Overview of Genetic Algorithm

Optimization techniques are the techniques used to discover the best solution out of all the possible solutions available under the constraints present. The genetic algorithm is one such optimization algorithm built based on the natural evolutionary process of our nature. The idea of Natural Selection and Genetic Inheritance is used here. It uses guided random search, unlike other algorithms, i.e., finding the optimal solution by starting with a random initial cost function and then searching only in the space with the least cost (in the guided direction). Suitable when you are working with huge and complex datasets.
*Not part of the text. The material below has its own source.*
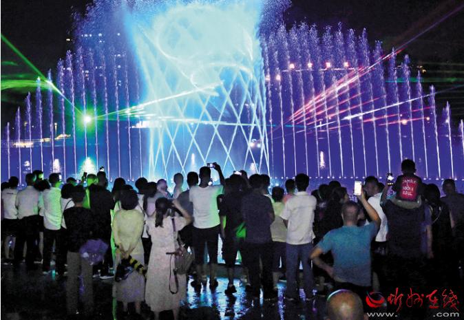 公園在注重園林、景觀建設(shè)的同時,突出主題文化內(nèi)涵的展現(xiàn),湖水噴泉、觀賞果園、主題植物園、階梯花臺等特色園林具有觀賞性,園內(nèi)還配套建有遺山文化館、張拉膜廣場、健舞劇場、休閑茶吧、咖啡館等群眾休閑活動場所,是又一惠及民生的心靈家園。圖為8月1日晚,市民在遺山公園噴泉廣場觀賞絢麗多彩的噴泉燈光秀。劉紀(jì)森 智芝龍 白曉明 胡 煒 攝
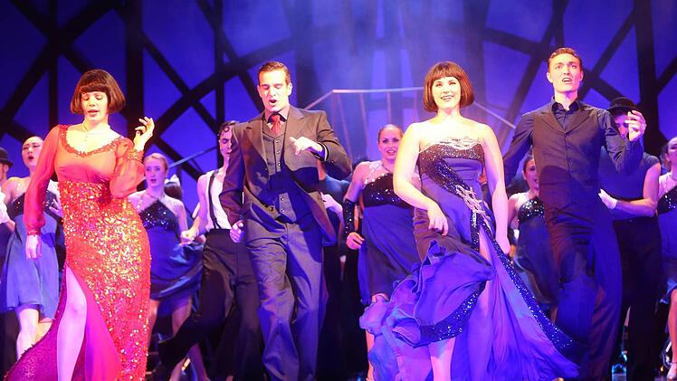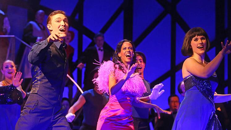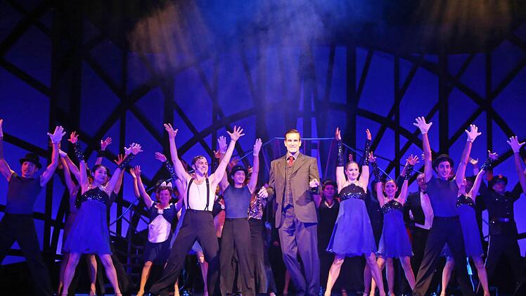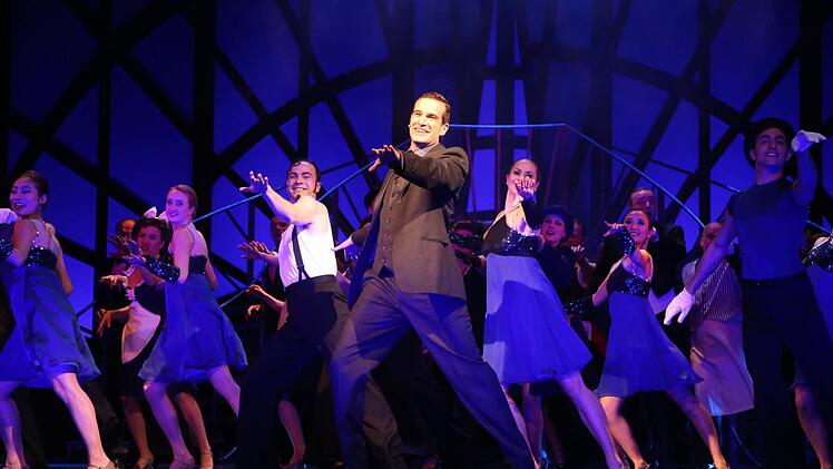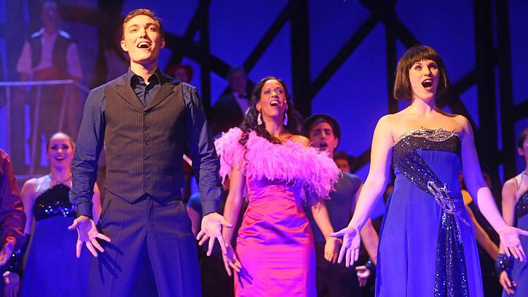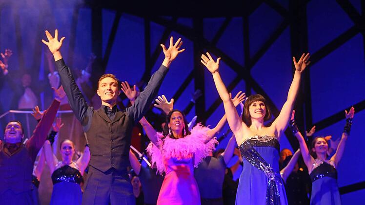 Was in gleichem Maße wie der Musik der ungemein spritzigen und witzigen Inszenierung von Iris Limbarth zu verdanken ist. Die Gastchoreografin, die uns schon "Hair" beschert hat, lässt von der ersten Minute an das riesige Ensemble aus Sängerdarstellern, Chor, Ballett und Statisterie tanzen, was das Zeug hält, vom nostalgischen 40-er Jahre-Step blitzartig in die fetzigen Clubszenen, hochfahrend über die grandiose Treppenkonstruktion in den leuchtfarbenen Showhimmel, den

What is a Genetic Algorithm?

The genetic algorithm is based on the genetic structure and behaviour of the chromosome of the population. The following things are the foundation of genetic algorithms.

Each chromosome indicates a possible solution. Thus the population is a collection of chromosomes.
A fitness function characterizes each individual in the population. Greater fitness better is the solution.
Out of the available individuals in the population, the best individuals are used to reproduce the next generation offsprings.
The offspring produced will have features of both the parents and is a result of mutation. A mutation is a small change in the gene structure.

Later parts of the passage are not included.